Whether he’s rubbing elbows with international stars, singing, spitting out machine like flows talking about bringing younger relatives to Africa or his rent check is bouncing Blitz lives with conviction through this music.  This is an album that’s just as informed by Expensive Shit as it was by It Takes a Nation of Millions to Hold Us Back and those influences meet at such a masterful intersection that Blitz postulates something to the effect that this is enough to incense or disinterest hip-hop heads and world music fans alike.  But the Afrobeat production, African drumming patterns, scratching and hip-hop drums are all killer here, complementing what the mouthful that Blitz has to say.

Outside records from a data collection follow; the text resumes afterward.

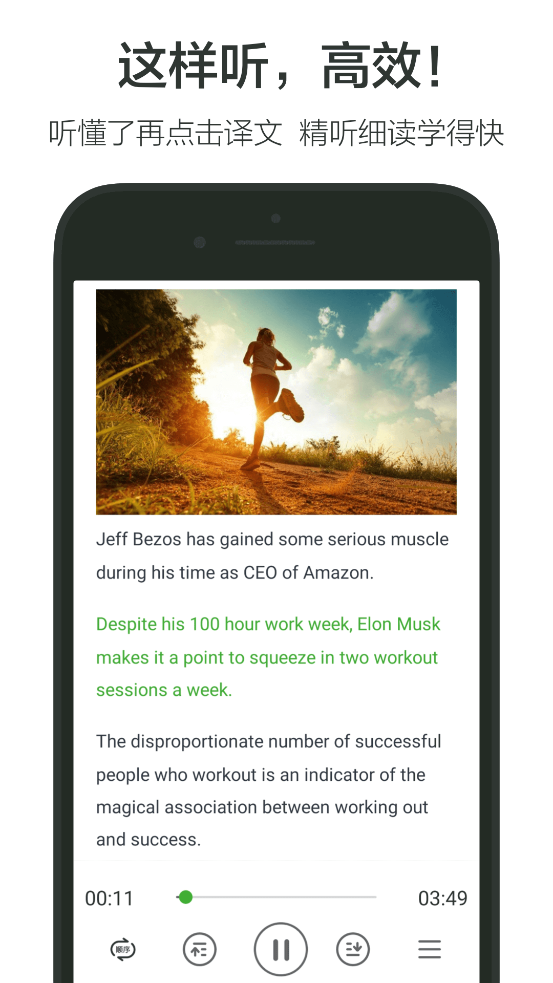 3. 具备循环播放功能,选择特定句子进行反复听,强化记忆和理解。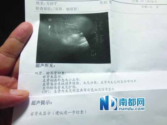 2012年12月,万润平在武汉几家医院的B超检查,结论都是“右肾未见显示”。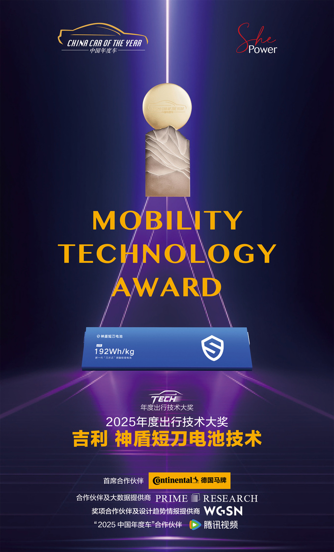 2025“年度出行技术大奖” :吉利 神盾短刀电池技术

Furthermore, he finds a great supporting cast here.  International all-stars like Seun Kuti and Angelique Kidjo glisten on this album, making the songs more hard hitting, but also more fun to listen to at times.  And with more features piled toward the back of this album, this album feels like Blitz taking steps back from his journey, retracing the sounds of New York all the way back to the music of Africa.  However, the entire album feels natural and lived in.  Even the bits of funk and soul that are peppered in Afropolitan‘s hip-hop-to-Afrobeat transition.  This is a very in touch album and the best album dealing in black political rage since R.A.P. Music and the best album about life as an immigrant since Gogol Bordello stumbled into accidental fame in the mid-aughts.  Afropolitan Dreams is of hip-hop classic quality.